Vous le plongez dans un récipient d’eau contenant de la glace.
Allez vous utiliser un seul glaçon dans le récipient ou de la glace pilée ?
A l’évidence, vous utiliserez de la glace pilée et non pas un seul glaçon parce que vous savez (ou pas) que l’étalonnage du thermomètre tire parti des propriétés de l’équilibre résultant du changement de phase (eau-glace) et que le changement de phase c’est une affaire de surfaces en contact et qu’il vaut mieux avoir le maximum possible de surface de glace en contact avec l’eau pour assurer le coup.
Bob (#51),
Très bon exemple !
MichelLN35 (#34),
Trop occupé ces deux derniers jours pour exprimer un avis… pour lequel je n’ai pas la compétence requise. A vue de nez cependant, cette affaire d’erreur instrumentale variable en fonction de l’environnement ne pourrait pas expliquer cette instabilité aux deux extrémités de la cloche (laquelle n’est tout de même pas une cloche de répartition!).

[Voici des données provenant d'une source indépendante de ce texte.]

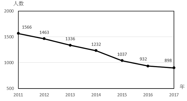 “十二五”以来铁路交通事故死亡人数变化趋势图
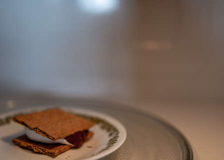 Making a smore with a marshmallow, cracker, and chocolate using a microwave.
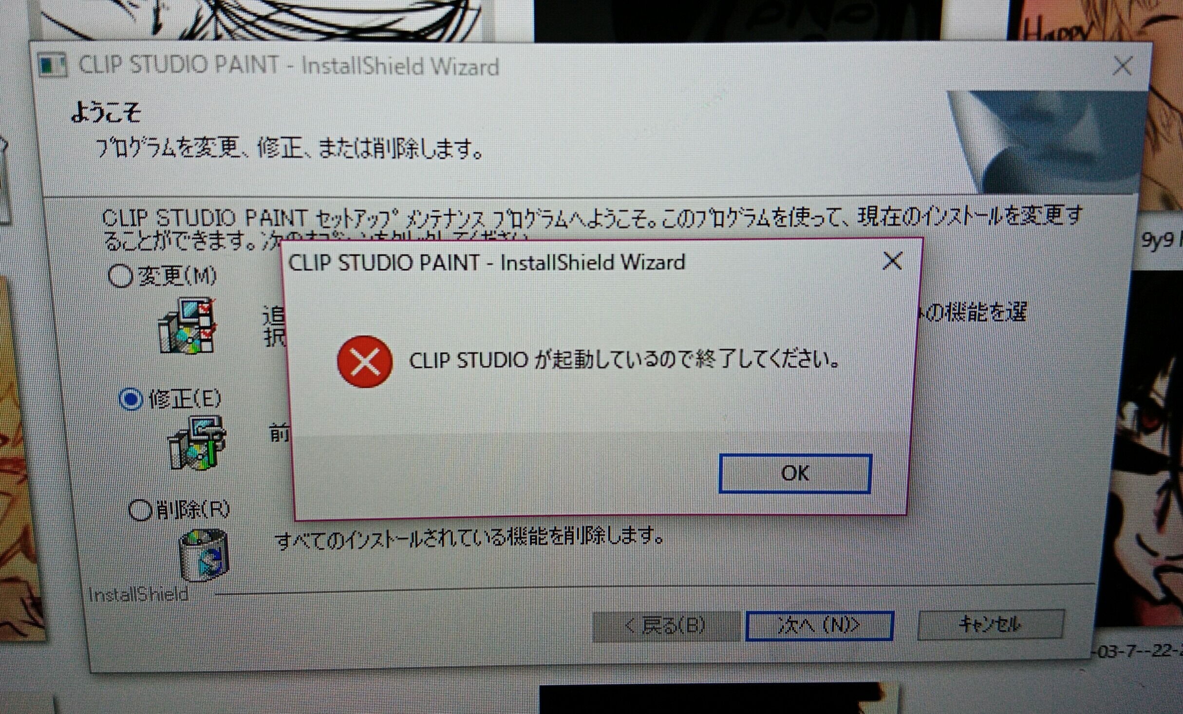「CLIP STUDIO PAINT ‐InstallShield Wizard ようこそ プログラムを変更、修正、または削除します。」と、変更、修正、削除の3つの選択肢が出てきます。その内の「修正」を選択すると再インストールされるという事なのでそちらを押すともう1枚の方の画像のように「CLIP STUDIOが起動しているので終了してください。」と出てきます。そちらの意味がよく理解できないです…。
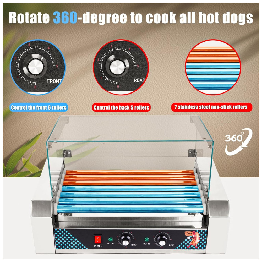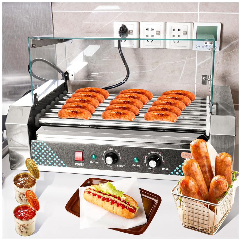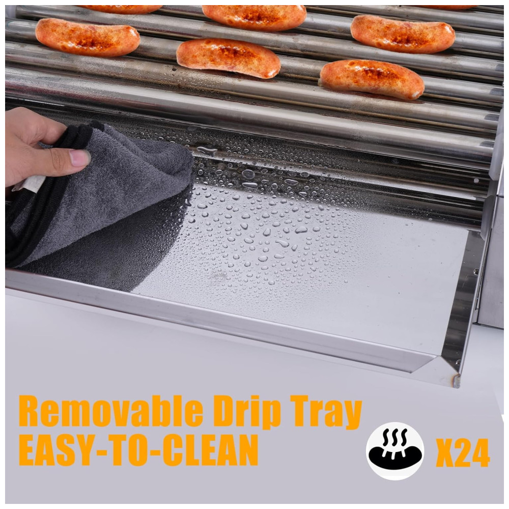A máquina de cachorro-quente doméstica oferece um desempenho excepcional com seus 7 rolos antiaderentes de aço inoxidável, capazes de cozinhar até 24 cachorros-quentes simultaneamente. Aprovada pela ETL para uso doméstico, é ideal para reuniões familiares e eventos festivos.

Bernnard (#50), je penche pour une histoire de chaleur latente et de changements de phases.
Aux basses températures (- 20 °C) on met très très peu de vapeur d’eau dans l’air et on sature très vite.
Les changements de phases se font donc à tout de bras, probablement avec de l’air sans doute à peine plus chaud venant des basses latitudes et contenant beaucoup plus d’eau, qui précipite immédiatement en réchauffant ce qui a autour.
Là dessus, j’ai cru comprendre que la nucléation ne se faisait pratiquement pas dans ces coins peu (ou pas) chargés en poussières, pollens et tout ça.
Ce qui expliquerait l »absence de précipitations et donc la remarquable stabilité des températures lors des mois « chauds ».
Toutes ces considérations restent très bancales…
Murps (#54),
Oui probablement.
Si vous avez la curiosité de regarder "l'eau précipitable" contenu dans l'air au dessus des pôles (elle s'exprime en Kg/m2, comme une pression) vous verrez qu'elle est très faible, ce qui veut dire qu'il y a peu d'eau "soluble" dans l'air polaire surtout s'il fait très froid.
Vous pouvez utiliser ce site, en zoomant sur les pôles pour voir la valeur de l'eau précipitable. Bien sûr, ce sont des valeurs calculées.
Je pense qu'à la fois, comme dit Bob, les échanges thermiques atmosphère /eau sont plus rapides en présence de glace morcelée (en été) et la quantité d'eau dans l'air (plus importante en été) jouent dans le même sens.
Bernnard (#55),
Oui, dans le sens d’une grande stabilité.
22.09- Je viens d’écouter le Journal de 20 h de France 2. La séquence sur le climat (dorénavant quotidienne avant COP 21 ?) était consacrée au Groenland. La catastrophe complète : disparition des glaces, icebergs en vadrouille, noircissement des glaces par des tas de polluants (cadmium, …). La glace a fondu sur plusieurs mètres cette année. Etc …
Ou bien c’est vrai et c’est effectivement très inquiétant ; ou bien c’est faux et alors il faut trouver le moyen de rectifier les propos … Il a été également question de l’élévation des températures.
Abbé (#57),
J’ai mis le lien du replay du JT sur le fil climathon qui me semble plus adapté pour discuter de ce nouveau (mais probablement pas dernier) monument de propagande.